At one, the cogs of the machine once more start working toward a cure. We try to talk Eun Chong into moving. We’re led into a dark room (seriously, what is it with basements?) and the ultrasound operator shakes Cathreen’s belly. I watch the white dots fade in and out. The ultrasound operator doesn’t seem to take any usual measurements. I recognize the heart beating. I can feel how afraid Cathreen is, now, like the whole room is pulsing with her fear. “Can you feel her?” I ask.
Then, after about ten minutes, the ultrasound operator smiles. She says the baby had 30 minutes to “pass the test,” and she’s already passed. I can’t figure out what this test was, but the relief is like hearing again after a temporary deafness. I can feel Cathreen let out her breath like a kick inside me.
♦◊♦
[2]
On our way home, we are giddy. This is the adrenaline. Cathreen says Eun Chong heard us asking her to move. And indeed, after this she moves constantly. That day, and the next, and the next.
Over the weekend, we tell the story to our friends with
a 2-year-old. They have invited us to a barbecue. The little girl is afraid of us, though she’s seen us before. When we get into the car, she says, “Help me. Mom, help.”
Our presence tortures her. We sit silently. “Help,” she says. “Help.” I feel awful, and yet she is so cute, in saying this, that I also feel all warm inside, and then awful again that I enjoy making a baby cry.
The mother says her daughter will be fine soon. We have brought a book as a gift. The mother reads it in the car. On the cover is a duck in a pot. Suddenly, I am afraid we have given the girl a book about a duck being boiled alive.
I keep hearing that little “help” in my head, even after she stops. The girl looks at me like I have eaten her kitten.

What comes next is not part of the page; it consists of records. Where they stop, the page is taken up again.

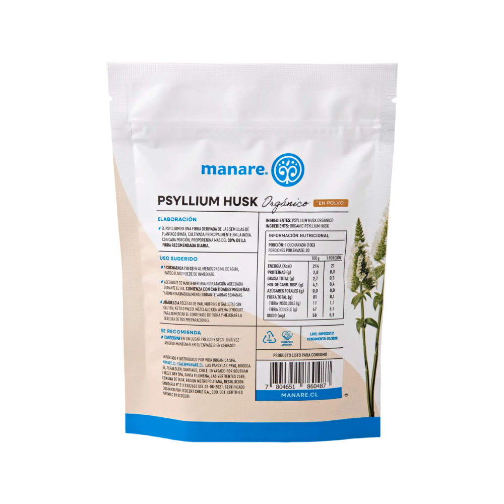 Psyllium Husk Orgánico en polvo 200g – Manare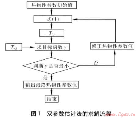 最小時,此時的熱物性參數(shù)即為所求結(jié)果。雙參數(shù)估計法的求解流程見圖1。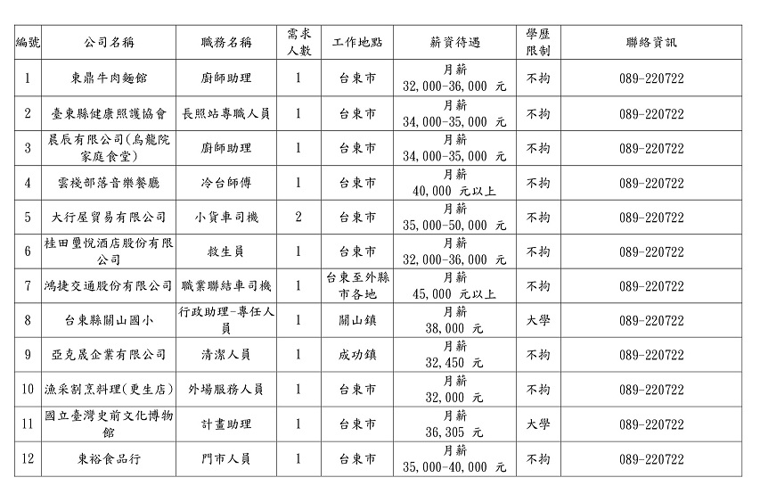 發布日期:115-01-20 資料來源:臺東縣榮民服務處 【臺東榮服處】廠商職缺表_115.01.20 附件下載 檔案名稱 更新日期 下載次數 【臺東榮服處】廠商職缺表_115.01.20.pdf 115-01-20 8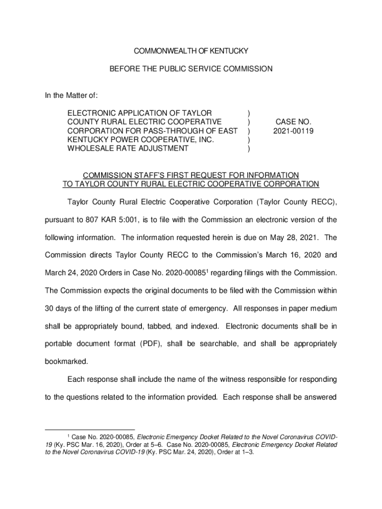 COMMONWEALTH OF KENTUCKY BEFORE THE PUBLIC SERVICE Commissioning the Matter of: ELECTRONIC APPLICATION OF TAYLOR COUNTY RURAL ELECTRIC COOPERATIVE CORPORATION FOR WALKTHROUGH OF EAST KENTUCKY POWER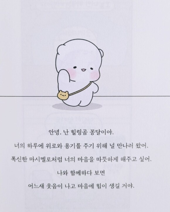 바로 이런 점 때문에 힐링곰 꽁달이라는 캐릭터는 어떻게 보면 작가 자신의 분신이기도 하고 또 작가가 전하는 메세지가 단순한 위로가 아니라 심리상담사라는 전문가의 견해에서 나온 치료와 같은 차원이라고 봐도 좋을것 같기에 더욱 의미있게 다가오는 책이였다.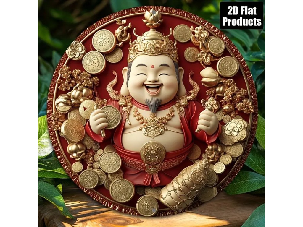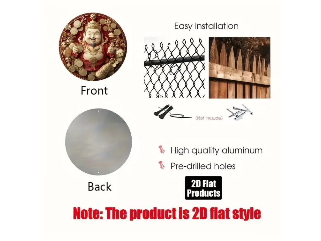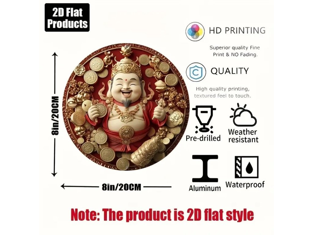 Kovová kulatá cedule. Buddha. Průměr 20 cm
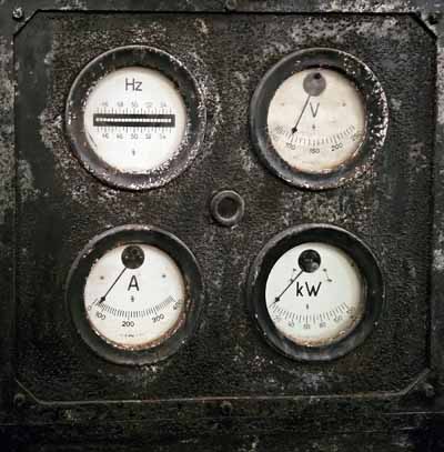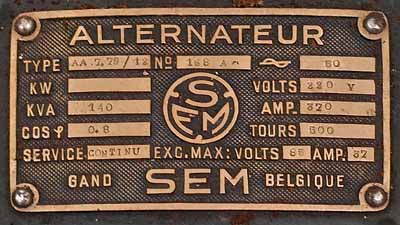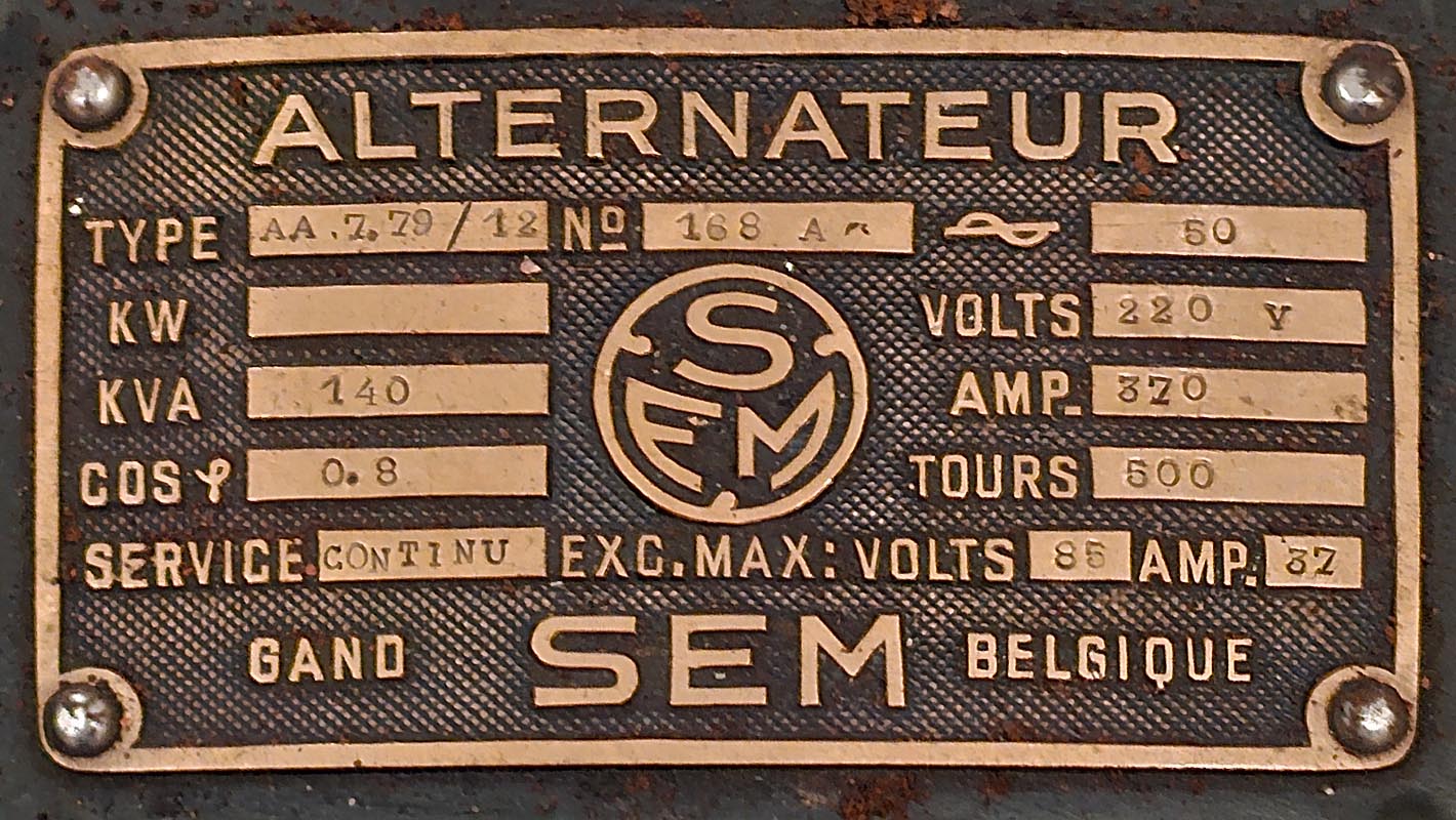 Een bord met aanduiders voor de netfrequentie (de frequentie wordt aangepast door de hoeveelheid brandstof die in de motor wordt geïnjecteerd te veranderen). Dit apparaat maakt gebruik van een reeks afgestemde strips, waarvan er slechts één trilt. Vervolgens is er de netspanning (220V, destijds al de standaard netspanning). De stroomsterkte gemeten op één fase is 370A en het vermogen van een alternator is 112kW.
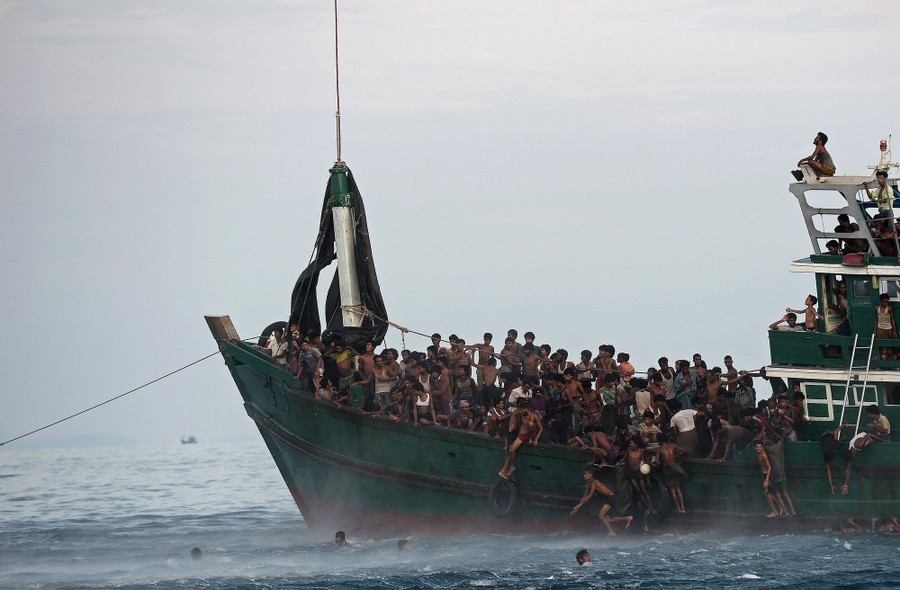 Read moreRohingya migrants jump from a boat drifting in Thai waters off the southern island of Koh Lipe in the Andaman sea, to collect food supplies dropped by a Thai army helicopter on May 14, 2015. A boat crammed with scores of Rohingya migrants -- including many young children -- was found drifting in Thai waters on May 14, with passengers saying several people had died over the last few days. #

The mother is right, though: when we get to the barbecue, the girl comes around. She dances to music from the TV, and I can see Cathreen imagining our future. There is a dog at the party, and when the dog begs for food, the girl holds her chips over her head. The dog stands on its back paws, and it looks like they’re dancing together.
We can’t get over the cuteness and the possible future cuteness.
♦◊♦
[3]
I make Cathreen eat as much as possible, and at our next doctor’s appointment, the baby is seven pounds. Cathreen is worried that this is too big to push out of her. She calls her mother and sister, and they are afraid as well. They tell her to stop eating sugar. Seven pounds is the 52nd percentile, though. Almost exactly average.
For days, Cathreen has been having Braxton-Hicks contractions, on and off. On the phone, a doctor tells us her cervix is open. He can tell from what is coming out of it. My wife’s body is practicing. It takes a lot of practice. I have a conversation with my father about how much better laying eggs would be than live birth.
At first, the contractions make Cathreen cry with pain. She wakes me, the first night, five times. I time the contractions with my phone. They’re surprisingly close together. Two within 10 minutes. This is labor, I think. I’m awake. People keep asking if I’m ready, and I keep avoiding the answer—I say, fathers are never ready. Now the baby is coming. I think about what we need to do to get to the hospital. I think about holding the baby to my chest. Yet then the contractions stop.
This goes on for four days: crying and thinking labor. And after a while, something flips. We time the contractions, and when the time between them grows longer, we feel disappointed. Cathreen is 38 weeks pregnant. Both her sisters had their babies at 38 weeks. With each new pain, excitement flares. Cathreen’s face scrunches up, but she’s smiling.
We are ready now. I am ready. We are cleaning the house—the books call this nesting. One day, Cathreen asks me what she should wear in labor. I tell her whatever is comfortable. “It’s the first time we’re meeting,” she says. “I want Eun Chong to think her mom is pretty!”